Ходил, ходил почтальон Кольбаба по белому свету и всюду спрашивал, не живёт ли здесь девушка Марженка, которая ждёт письма от своего жениха — шофёра Франтика. И обошёл он весь Литомержицкий округ, и Лоунский, и Раковницкий, и Плзень и Домажлицы, прошёл Писек, и Будейовицы, и Пржелоучский округ, и Табор с окрестностями, и Чаславский округ, и Градец, и Йичинский, и Болеславский округа, побывал в Кутной Горе, Литомышле, Тршебоне, Воднянах, Сушице, Пржибраме, Кладно и Младой Болеславе, и в Вотицах, и в Трутнове, и в Соботке, и в Турнове, и в Сланеме, и в Пелгржимове, и в Добрушке, даже в Упице и в Гронове, и у Семи Халуп, и на Кракорке был, и в Залесье, — ну, словом, короче говоря, везде и всюду, и повсюду расспрашивал о девушке Марженке.
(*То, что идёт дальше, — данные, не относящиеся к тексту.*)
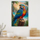 La macaw Hawaiin tropicale vibrante pose sur un moignon en bois avec un arrière - plan de paradis tropical. Beau oiseau aux couleurs jaune, bleu, rouge, vert et orange. Ce cadre tropical comprend palmiers, îles, plages, vagues tropicales et plantes des tropiques.
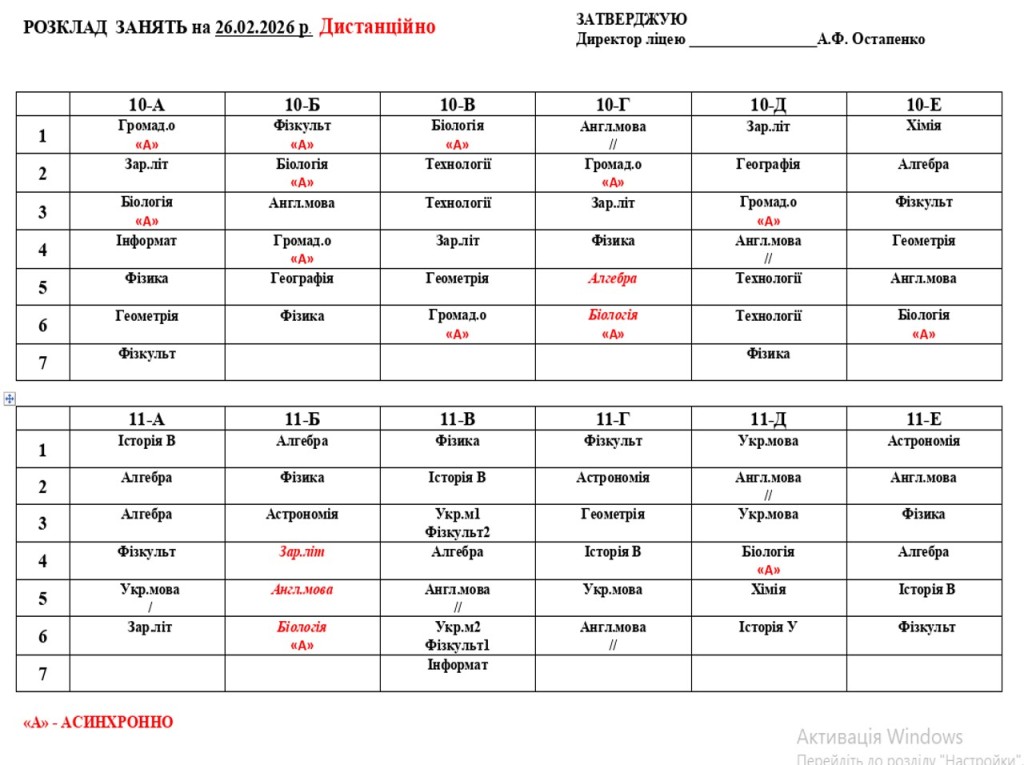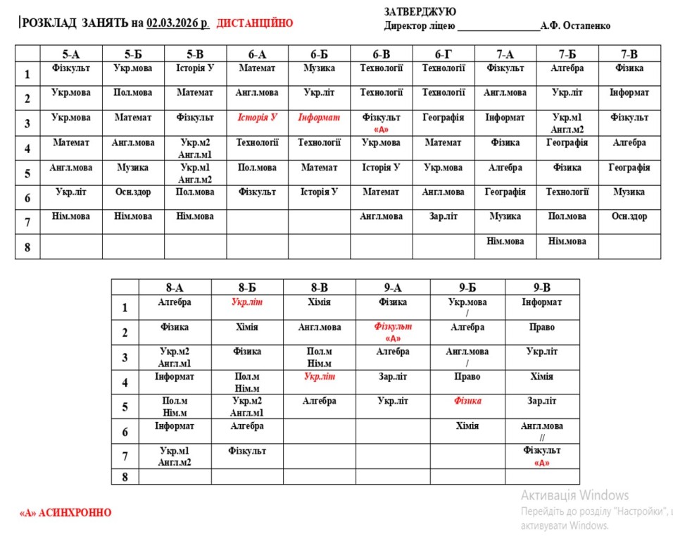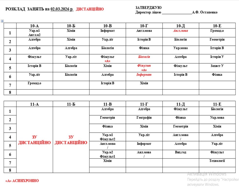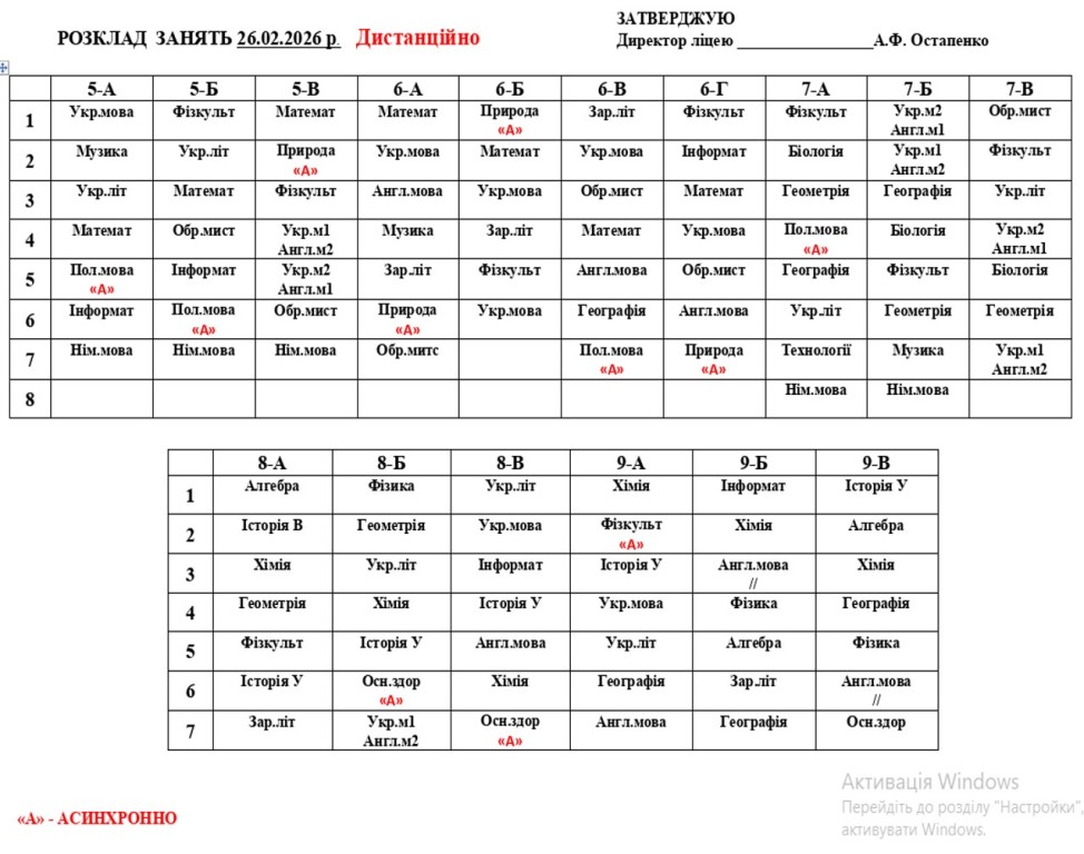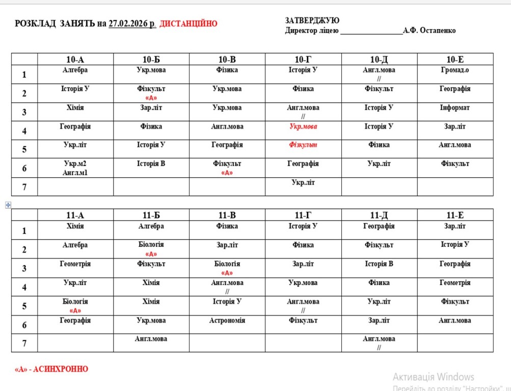 Уроки проходитимуть онлайн відповідно до чинного розкладу на платформі дистанційного навчання ліцею. Просимо учнів своєчасно долучатися до занять та відповідально виконувати навчальні завдання.

Марженок он в Чехии нашёл, понятное дело, массу — общим числом сорок девять тысяч девятьсот восемьдесят, но ни одна из них не ждала письмеца от шофёра Франтика. Некоторые из них ждали письма от какого-нибудь шофёра, но только оказывалось, что его звали не Франтиком, а Тоником, или Владиславом, или Вацлавом, Йозефом, или Яролимом, или Лойзиком, или же Флорианом, либо Иржиком, или Иоганном, или Вавринцем. Попадались даже и Доминик, Венделин и Еразим, но только не Франтик! А иные из этих Марженок опять же ждали письма от некоего Франтика, только тот, в свою очередь, был не шофёром, а слесарем или же фельдфебелем, столяром или кондуктором, иногда даже аптекарем, обойщиком, парикмахером или портным, но отнюдь не шофёром.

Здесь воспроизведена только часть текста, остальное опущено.